Refere ainda que esteve pela primeira vez disposta a errar. E esse estado de espírito permitiu-lhe arriscar, experimentar. “Estes fados são uma rede que está preparada para determinados saltos e eu ainda arranjei uma corda para andar sobre essa rede.” E concretiza: “[os saltos] são o improviso rítmico, melódico e poético.” Conta ainda a história de quando um frade lhe perguntou se alguma vez tinha feito uma pateada e, ao responder que não, o comentário que se seguiu foi: “também já estava na altura”.

“O grande amor que nunca acaba, a grande paixão que ora vai ora vem, é sempre à volta da minha arte. Nunca quis ter filhos, não gosto de viver com ninguém. Não tenho uma vida muito convencional nesse aspeto. A minha paixão está toda canalizada para a minha arte. Como amante, sou mais de amar do que de me apaixonar.”

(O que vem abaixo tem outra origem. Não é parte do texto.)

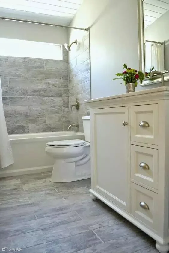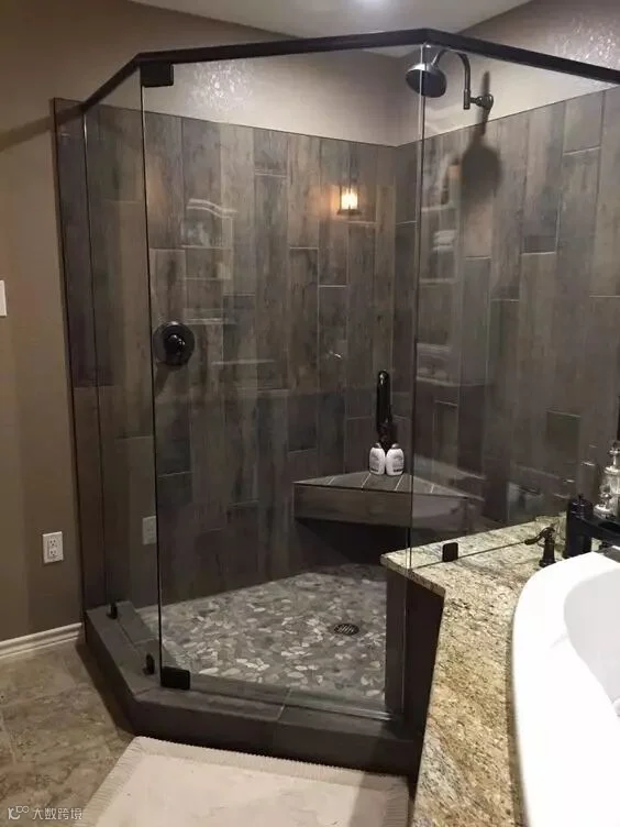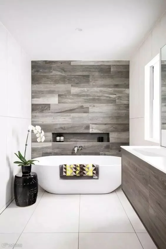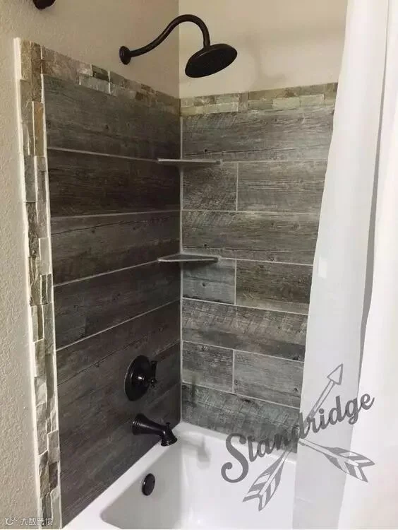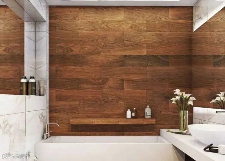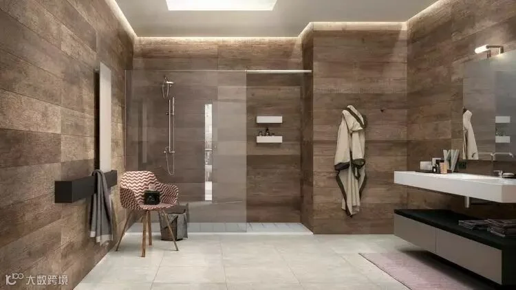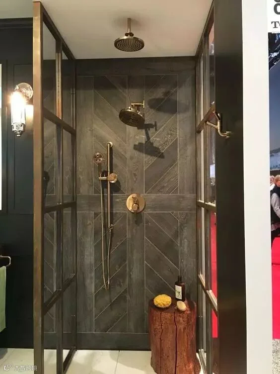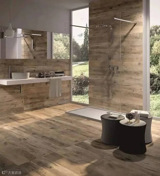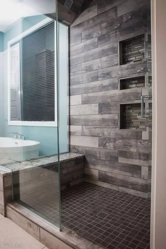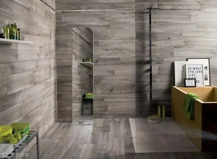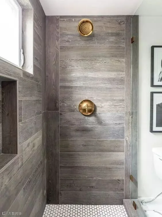 刚开始也只是部分地面通过不同铺贴方式把木纹砖和大理石、仿古砖、马赛克进行混搭铺贴,现在为了让整个浴室更好打理、更能展示原始大自然带来的舒适感,国外家装开始流行在浴室进行大面积木纹砖铺贴,甚至淋浴房墙上也贴木纹砖!

“Antes de Quê”, letra de Manuela de Freitas feita para Aldina, foi o único fado que neste disco não foi sujeito ao bisturi, foi o único fado em que não mexeu. “É o fado que canto desde o primeiro dia em que cantei. Nunca deixei de cantá-lo em noite alguma no Senhor Vinho ou em palco algum.” É o primeiro fado que canta desde o primeiro dia em que cantou, no teatro da Comuna, em 1994, quando organizava as Noites do Fado. “Costumo dizer que é o fado que sabe mais de mim do que eu dele. Não é frase feita”, explana. “Leva-me para sítios que nunca fui a cantar, leva-me para sítios que nunca fui a sentir.”

A entrevista não pode acabar sem se falar de amor. Aldina clarifica que a ideia que tem do amor tem mudado constantemente na sua vida, sobretudo nas relações amorosas. “Sempre encarei a amizade como uma forma de amor”, defende. “Acho a sexualidade muito complexa, está sempre a mudar – conforme o par, conforme o encontro, conforme a circunstância.” E considera que o que a ensinou a amar melhor foi precisamente a sua arte.

“O grande amor que nunca acaba, a grande paixão que ora vai ora vem, é sempre à volta da minha arte. Nunca quis ter filhos, não gosto de viver com ninguém. Não tenho uma vida muito convencional nesse aspeto.” Amar mais não lhe interessa, interessa-lhe amar melhor. A paixão já a cansou. “A minha paixão está toda canalizada para a minha arte. Como amante, sou mais de amar do que de me apaixonar.” Com o tempo, descobriu que o humor é peça fundamental na engrenagem do amor.

As pessoas da sua vida estão todas retratadas neste novo disco. “Eu canto o amor. Se fosse mal amada, cantava na mesma – mas cantava o desamor. Este é o grande disco do grande amor.”